Esmal 18/11/2010 - 11:21:09
"Não vou fazer feijoada na casa da branca, vou virar juíza e voltar aqui”
Juíza Luislinda falou sobre discriminação racial durante palestra da Semana da Consciência Negra

Primeira juíza negra emociona ouvintes durante palestra contra racismo Primeira juíza negra emociona ouvintes durante palestra contra racismo Caio Loureiro

     A juíza baiana Luislinda Valois emocionou o público que foi prestigiar o segundo dia de apresentações da Semana Esmal da Consciência Negra nesta quarta-feira (17). O auditório estava repleto de um público diverso, desde militantes pelas causas das ditas minorias até autoridades do Poder Público alagoano. Com a palestra “A Mulher Negra nos Três Poderes da República”, a juíza discorreu sobre o racismo, sobretudo contra as mulheres negras e nordestinas.

     “Luto pelos ‘PPPs’, aqueles que são chamados de ‘pretos, pobres e periféricos’. Luto pelas mulheres negras e nordestinas porque são as mais discriminadas do País, inclusive, luto pela inclusão de mais mulheres na magistratura”, afirmou Luislinda, que foi a primeira mulher negra a exercer o cargo de magistrada, em 1984, e a proferir uma sentença contra o racismo no Brasil.

     Em meio a uma palestra emocionante, a magistrada não conteve as lágrimas ao relembrar de um preconceito sofrido por ela quando ainda era criança.
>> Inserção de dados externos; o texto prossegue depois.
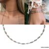 Simplicité, classe et raffinement sont au rendez-vous avec ce Ras de cou acier inoxydable femme motif losange. La finesse et la classe des petits losanges ne sera que récompensée, par la beauté de votre jolie peau halée! Un collier boheme chic que vous adorerez porter à la plage aussi bien qu’au bureau sur votre peau bronzée.

A juíza afirmou que seus pais não tinham dinheiro para comprar o material da escola e, por isso, seu professor opinou que seria melhor ela parar de estudar e ir fazer “feijoada na casa da branca”. Com a voz embargada, Luislinda comentou que saiu aos prantos, mas voltou e respondeu: “eu não vou fazer ‘feijoada na casa da branca’; eu vou estudar, virar juíza e voltar aqui”, relatou, arrancando uma salva de palmas da plateia.

     A magistrada também abordou a condição de conformidade dos nordestinos; relembrou o papel de Zumbi dos Palmares para a história dos negros no Brasil; respondeu a questionamentos da plateia sobre a condição vulnerável da mulher negra na pós-escravidão, dentre outras temáticas.

     “Participar deste momento em Alagoas é algo gratificante, pois aqui é a terra de Zumbi, a terra da Consciência Negra. É marcante na minha vida, mais um passo que dou na luta pelas ditas minorias”, afirmou Luislinda, enfatizando que “estar neste Estado, onde o Poder Judiciário é comandado por uma mulher, é luxuoso demais”.

     Histórico Premiado

     Luislinda Valois reativou dezenas de Juizados Especiais em municípios da Bahia, criou a Justiça Itinerante - sala de audiência instalada dentro de um ônibus que atende os bairros carentes de Salvador e Feira de Santana - e o Juizado Itinerante Marítimo, que conduz profissionais até as ilhas da Bahia. Coordenou ainda o Balcão de Justiça e Cidadania e levou a lei às comunidades quilombolas e aos índios. Nas horas livres, Luislinda dá palestras em escolas públicas para que os jovens conheçam seus direitos e deveres.

     O Programa Justiça, Escola e Cidadania, idealizado por ela, atingiu mais de 5 mil estudantes. Sua militância também se estende à escrita: publicou o livro “O Negro no Século XXI”, uma reflexão sobre a participação dos afrodescendentes na sociedade atual, lançado na Escola Superior da Magistratura (Esmal) na IV Bienal Internacional do Livro de Alagoas.

     A magistrada baiana também é vencedora do Prêmio Claudia 2010 na categoria Políticas Públicas.